On the receipt of this answer, and the deputies having peremptorily declined to take the oath, Gov. Lawrence, on the 31st July, wrote to Col. Monckton :—"The deputies of the French inhabitants of the districts of Annapolis, Minas and Pisiquid, having been called before this Council, have refused to take the oath of allegiance to his Majesty, and have also declared this to be the sentiments of the whole people ; whereupon the Council advised, and it is accordingly determined, that they shall be removed out of the country as soon as possible ; and as to those about the isthmus who were in arms, and therefore entitled to no favor from the Government, it is determined to begin with them first; and for this purpose, orders are given for a sufficient number of transports to be sent up the bay with all possible despatch for taking them on board, by whom you will receive particular instructions as to the manner of their being disposed of, the places of their destination, and every other thing necessary for that purpose.

 

"In the meantime, it will be necessary to keep this measure as secret as possible, as well to prevent their attempting to escape as to carry off their cattle, &c. ; and better to effect this, you will endeavor to fall on some stratagem to get the men, both young and old (especially the heads of families), into your power, and detain them till the transports shall arrive, so as they may be ready to be shipped off; for when this is done, it is not much to be feared that the women and children will attempt to go away and carry off the cattle."

In order to prevent the return of the Acadians, or their joining and strengthening their countrymen at Cape Breton, St. Johns, or Canada, it was decided that they should be sent in different detachments to Massachussets, North Carolina, Virginia, Maryland, Pennsylvania, Connecticut, and New -York,—the Governors of which colonies received instructions as to their reception and the prevention of their return.

 

We have already given estimates of the numbers of Acadians, taken at different periods, by different Governors. The first census or estimates by Col. Vetch, in 1714, amounted to 2,500 souls, counting five to a family.

 

According to Governor Hopson's census, they had increased in 1753 to 973 families, or 4865 souls.

 

In 1755, the period at which we have now arrived, numbers who had been induced to emigrate to Canada, St. Johns, and Cape Breton, had returned ; and it is believed that there were then in Acadia about 7,000 souls. This is the estimate of Governor Lawrence ; Raynal says 18,000.

 

As soon as the authorities had decided on the terrible alternative of deportation, instructions were issued to Colonel Winslow, commanding at Pisiquid, and Major Handfield at Annapolis Royal, which were in terms sufficiently considerate and humane, and calculated to secure that "whole families should go in the same vessel," and to make the removal "as easy as His Majesty's service will permit."

 

The Archives shew that eighteen vessels were chartered and suitably provisioned, and instructed to rendez-vous at convenient stations. Those appointed to rendez-vous in the Basin of Minas were destined to carry 500 persons to North Carolina ; 1000 to Virginia, and 500 or more to Maryland. Those in Annapolis river were to convey 300 persons to Philadelphia, 200 to New-York, 300 to Connecticut, and 200 or more to Boston. The accounts shew that this was done at a cost of £6,568 7s. 6d., exclusive of provisions furnished by Government.
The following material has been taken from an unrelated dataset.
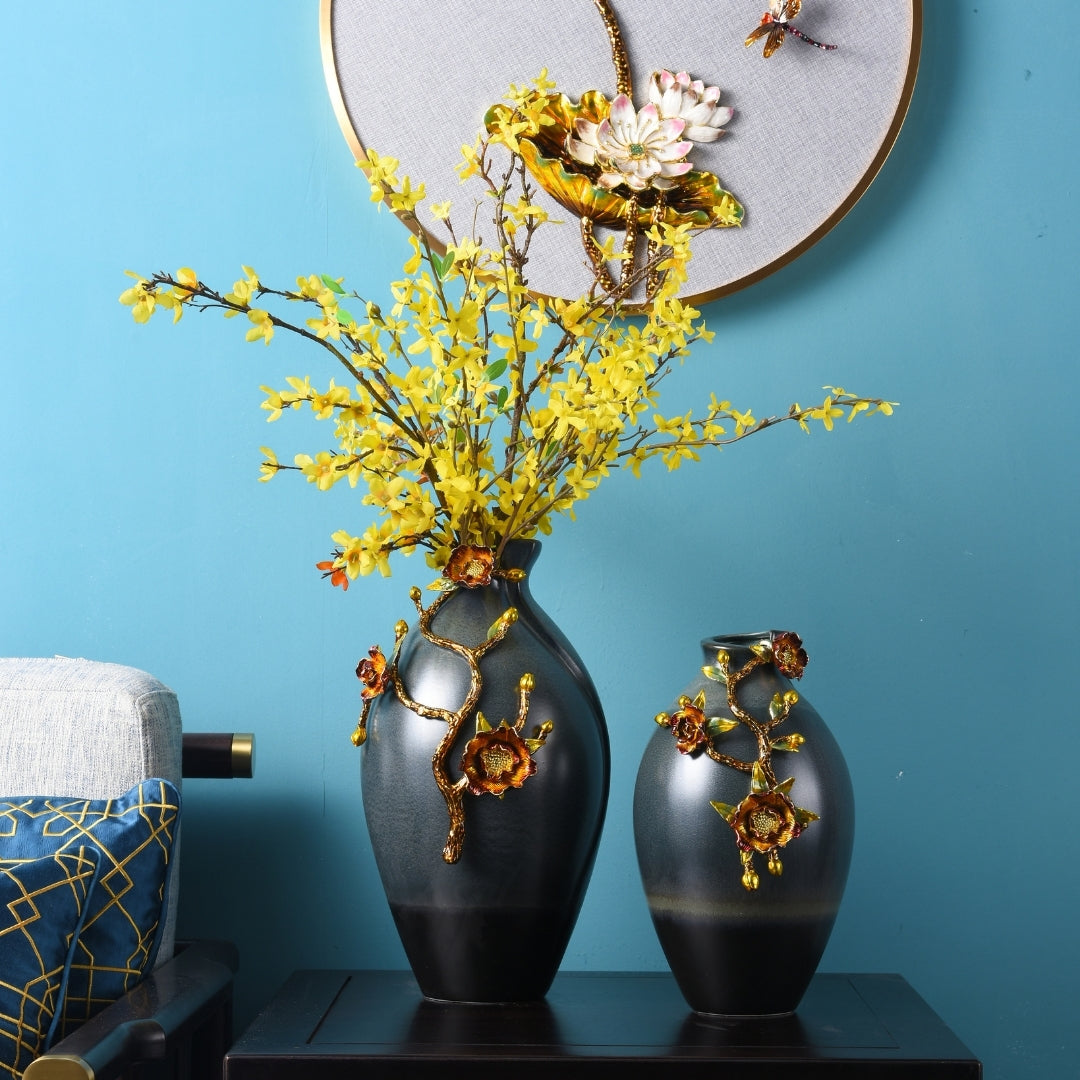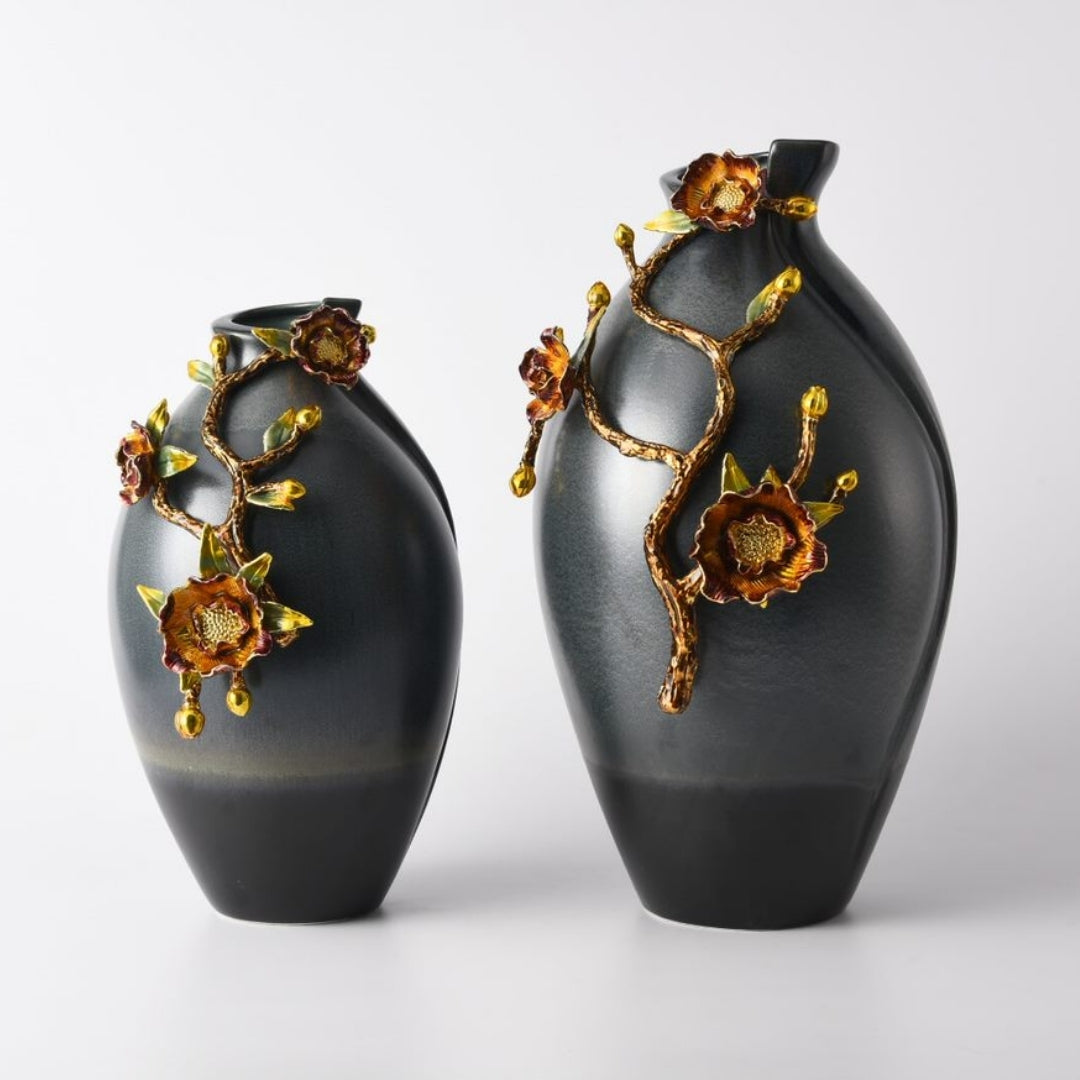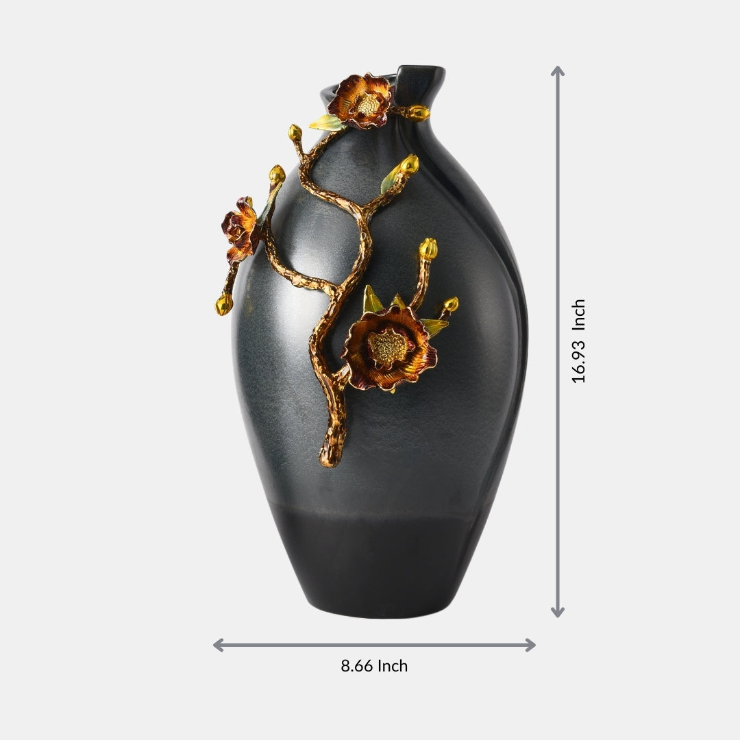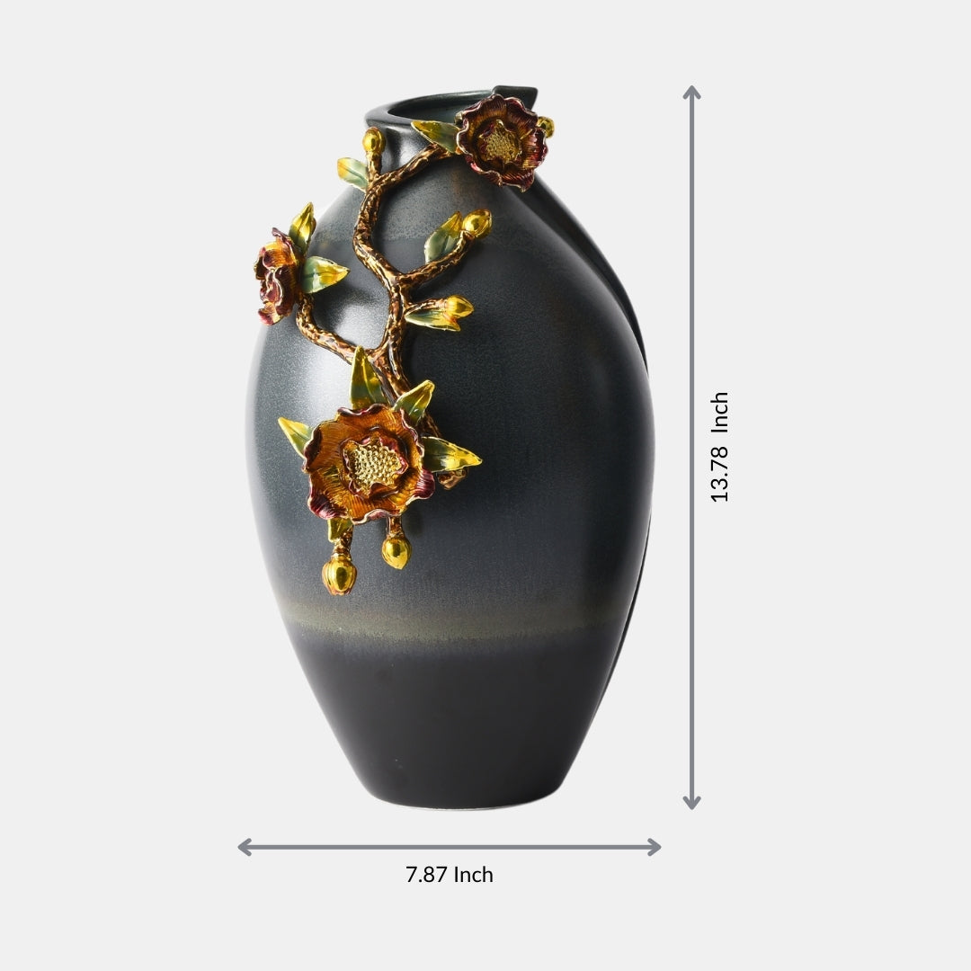 This greyish green vase is a mesmerizing blend of contrasting elements, capturing the essence of both darkness and the beauty of nature. Crafted with meticulous attention to detail, it showcases a sleek black hue that adds an air of mystery and drama to your decor. The delicate floral branch accent celebrates the grace of nature's design, creating a captivating juxtaposition. Whether displayed on your shelf or table, it becomes a symbol of the harmony between the enigmatic and the exquisite.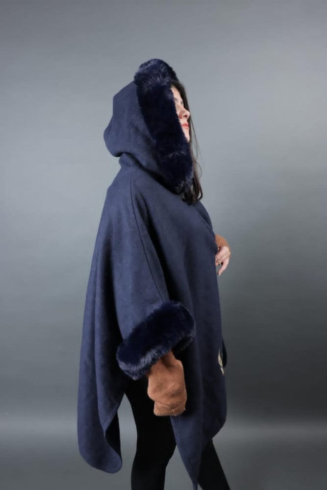 شال شتوي نسائي جوخ مع فرو بالاسم مع طاقية

All arrangements were completed, and the transports had arrived at the various places of the proposed embarkation about the sixth of September;, when Col. Winslow issued his proclamation calling on the people to assemble to hear the King's orders, similar proclamations being published in the other districts ; and as the account given by Longfellow of the proceedings at Grand Pré is substantially correct, and probably furnishes a fair portrait of what took place at the other places, I shall read from Evangeline what is there said of this most heart-rending event :

 

CANTO IV

 

" Pleasantly rose next morn the sun on the village of Grand Pré.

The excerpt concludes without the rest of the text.